▼▼▼

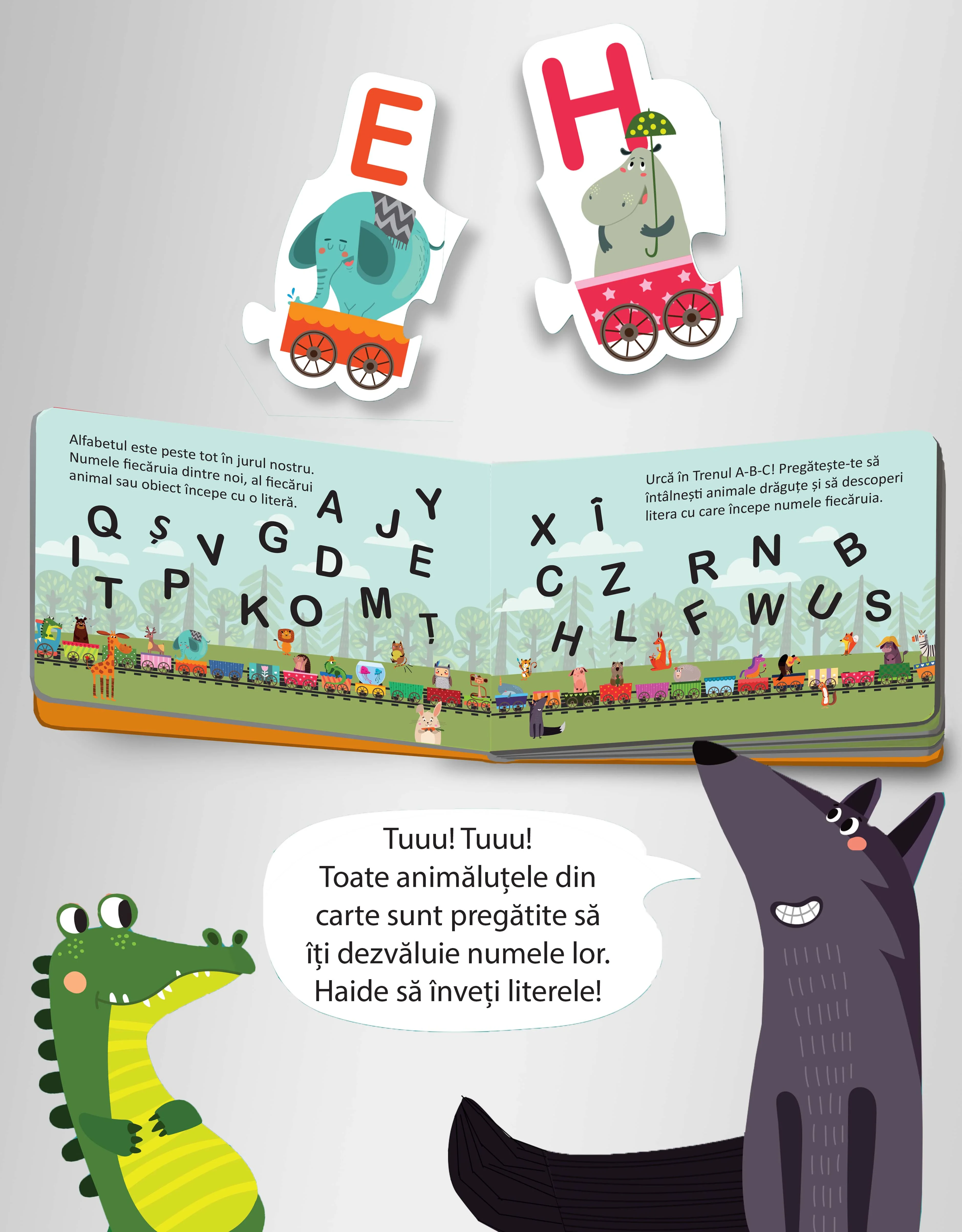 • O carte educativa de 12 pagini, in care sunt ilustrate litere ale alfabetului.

▲▲▲
▼▼▼

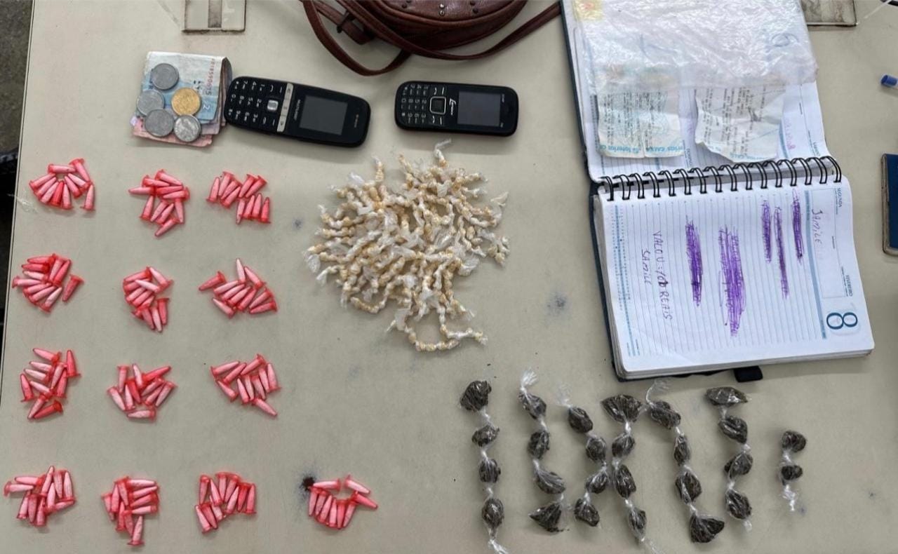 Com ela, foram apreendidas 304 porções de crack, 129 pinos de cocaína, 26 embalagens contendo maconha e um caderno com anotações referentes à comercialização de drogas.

▲▲▲
▼▼▼

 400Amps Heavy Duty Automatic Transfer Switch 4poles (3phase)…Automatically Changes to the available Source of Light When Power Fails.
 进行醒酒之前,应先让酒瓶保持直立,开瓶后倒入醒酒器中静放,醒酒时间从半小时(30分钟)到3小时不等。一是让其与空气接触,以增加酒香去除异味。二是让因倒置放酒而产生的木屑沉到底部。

▲▲▲

Using the entries above, give back exactly the line containing "400Amps Heavy Duty", the line containing "进行醒酒之前,应先让酒瓶保持", and every line between them, and nothing else.

Result of the task:
 400Amps Heavy Duty Automatic Transfer Switch 4poles (3phase)…Automatically Changes to the available Source of Light When Power Fails.
 进行醒酒之前,应先让酒瓶保持直立,开瓶后倒入醒酒器中静放,醒酒时间从半小时(30分钟)到3小时不等。一是让其与空气接触,以增加酒香去除异味。二是让因倒置放酒而产生的木屑沉到底部。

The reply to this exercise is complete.